Leaving us where? Mr. Wilson has already demonstrated a selective memory, and quite probably annoyed some CIA folks (OK, White House too) with his misleading NY Times piece. Does he want to talk about his own deficiencies as a reporter, or paint himself as a victim? This attempt to change the subject may buy a bit of time, and the spotllight may shift.

And is Mr. Corn even keeping a straight face while he types this? C'mon, find one fact in this column supporting Corn's theory. Wilson delivers a non-denial denial to the question of whether his wife contacted him as Novak asserts. And as to Novak's sources, the closest we come to support for Corn is Wilson saying this:

"And Wilson says Novak told him that his sources were administration officials. "

ALL Novak's sources were Admin officials? It is clear from his column that Novak had multiple sources, including Admin officials and CIA. Could Mr. Wilson's selective memory be acting up again? Might Novak have been answering incompletely, or answering an incomplete question, when he told Wilson about Admin officials?

Wilson has an axe to grind, we don't know what he and Novak said, and the rest of this column is fluff.

Well, that's my case. I am still not thrilled with the presentation, but I definitely have a point hidden here somewhere.
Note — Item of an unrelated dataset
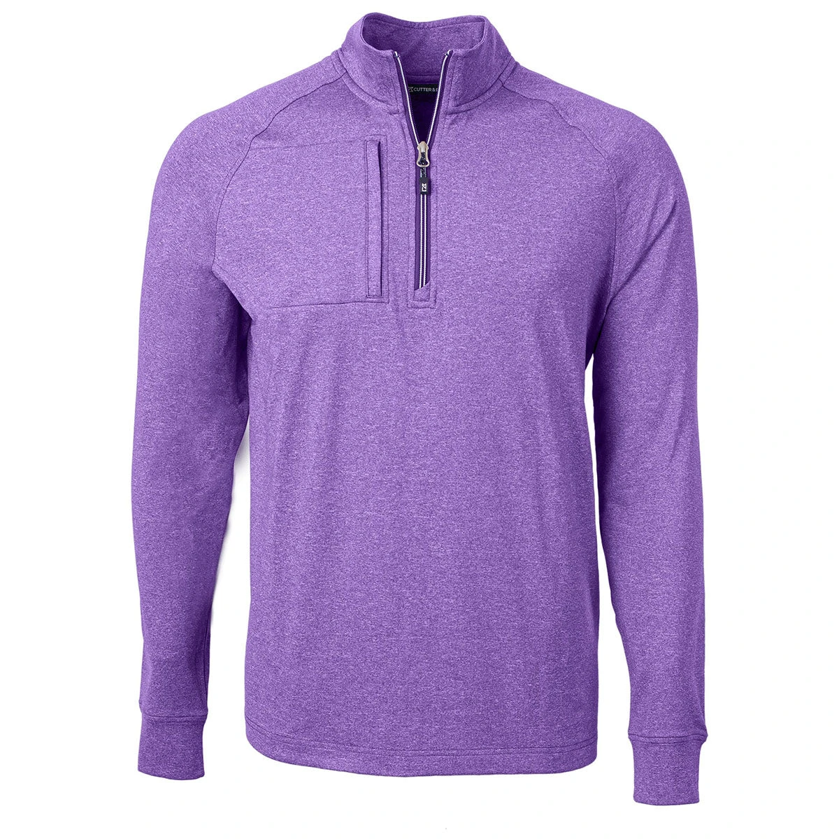 Cutter & Buck Men’s College Purple Heather Adapt Eco Knit Heather Quarter Zip with a custom logo will have you ready for action. This unique quarter zip is easy to wear and layer, making it perfect for an evening jog or a round of golf in chilly weather. The gorgeous quarter zip is made even more convenient with a chest pocket with side closure for small items that need to be secured. Order yours today.

Posted by: Tom Maguire on July 17, 2003 08:41 PM

Let's just bring this thing about Plame full circle. If the meanest take on this story is true, then an administration that argued illicit weapons alledgedly held by Iraq were a threat to US security and so justified war, has just undermined its own efforts to dig out illicit weapons in other place where they might be a threat to the US. In order to do what? Not to make us safer, certainly. Not to contradict Wilson's statements, even, but only to suggest that an extraordinarily successful diplomat with experience in both Niger and Iraq got an assignment to look into a link between Niger and Iraq through nepotism, rather than because he was the right man for the job. Or maybe to make an example of the family of a man that had cause Bush trouble.

Please, don't let this be true.

Posted by: K Harris on July 18, 2003 07:41 AM

I think the presentation isn't bad, Tom. And even skimming, you seem to have a pretty good point. It's Sunday now, and I notice I haven't heard any more about this.